Hot Milk
- First edition
- Author: Deborah Levy
- Language: English
- Genre: Fiction
- Publisher: Hamish Hamilton
- Publication date: 2016
- Publication place: United Kingdom

= Hot Milk (novel) =

2016 novel by Deborah Levy

Hot Milk is a 2016 novel by British author Deborah Levy. It follows the story of mother, Rose, and daughter, Sofia, who embark on a journey to a Spanish clinic in search of a medical cure for Rose's paralysis.

== Plot ==
Rose's paralysis confines her to a wheelchair and limits Sofia's freedoms. The proprietor of the clinic, Gómez, is charismatic but may be of questionable skill. While Rose undergoes treatment, 25-year-old Sofia becomes obsessed with Ingrid, a seamstress. Later, Sofia visits her father in Athens, from whom she has been estranged, and spends time with his new wife and daughter.
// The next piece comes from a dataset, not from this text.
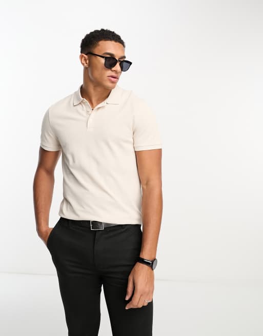 ASOS DESIGN smart pique polo shirt in stone

Athens seems to be in a state of collapse, and the novel pictures both Greece and Spain in the throes of economic and political turmoil. Sofia is an anthropologist by training, and this informs her perspective on events.

== Critical reception ==
The novel received generally positive reviews. In The New York Times, Sarah Lyall described Sofia, the main character as "interesting and surprising."

==Nominations==
- 2016 Man Booker Prize, shortlisted.

== Adaptations ==
In 2025, a film adaptation starring Emma Mackey, Vicky Krieps and Fiona Shaw and directed by Rebecca Lenkiewicz was released.